Последняя работа выдающегося французского философа и историка Мишеля Фуко (1926–1984), завершенная им вчерне незадолго до смерти и опубликованная на языке оригинала только в 2018 году. 
Признания плоти
Мишель Фуко
Купить

Генезис последнего из этих трех трудов оказался непростым. Следует напомнить, что в «первой» «Истории сексуальности» христианские доктрины и практики должны были стать предметом исторического рассмотрения в томе под названием «Плоть и тело»[8]. Тогда речь шла о том, чтобы изучить «эволюцию католического пастырства и таинства покаяния после Тридентского собора»[9]. Первый набросок этих исследований Фуко представил в лекции от 19 февраля 1975 года в Коллеж де Франс[10]. Однако в скором времени он решил углубиться в прошлое, чтобы отыскать в истории христианства исходную точку интересовавшей его истории — момент возникновения ритуализированного обязательства истины, требования от субъекта правдоизречения {un dire-vrai} о самом себе. Для этого начиная с 1976–1977 годов он читал и письменно комментировал для себя труды Тертуллиана, Кассиана и других авторов[11]. Даниэль Дефер отмечает по поводу августа 1977 года: «Фуко в Вандевре.
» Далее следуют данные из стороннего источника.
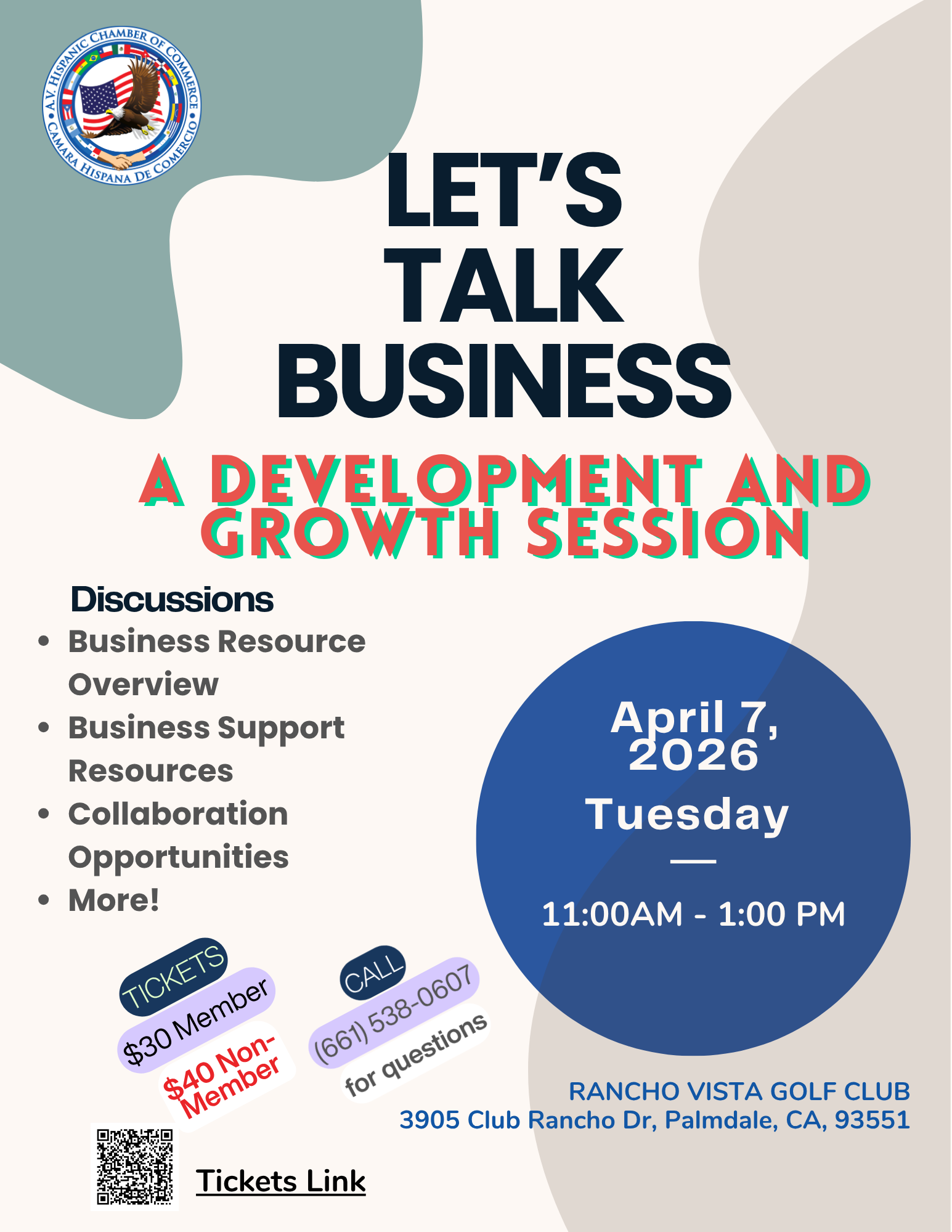 | 4/7/2026 | Let's Talk Business: Development and Growth Session Join us for an engaging and informative Monthly Chamber Luncheon designed to connect, inform, and support our local business community. “Let’s Talk Business: A Development and Growth Session” brings together professionals, entrepreneurs, and community partners for meaningful conversation and practical insights. What We’ll Cover:

Он пишет об Отцах Церкви и отодвигает начало своей истории сексуальности на несколько веков назад»[12]. В рамках изучения «управленчеств» {«gouvernementalités»} в Коллеж де Франс (лекции от 15 и 22 февраля 1978 года[13]) Фуко использовал результаты своего первого прочтения Отцов Церкви для того, чтобы охарактеризовать христианский момент «пастырского управленчества»[14] как сопряжение «актов истины» (изречения субъектом истины о себе) с практиками послушания. Затем он вернулся к этим результатам и суммировал их в октябре 1979 года в первой из двух лекций, прочтенных им в рамках Tanner Lectures в Стэнфордском университете[15].

Решающим этапом эволюции этих исследований, которая привела к появлению рукописи «Признаний плоти», стал 1980 год.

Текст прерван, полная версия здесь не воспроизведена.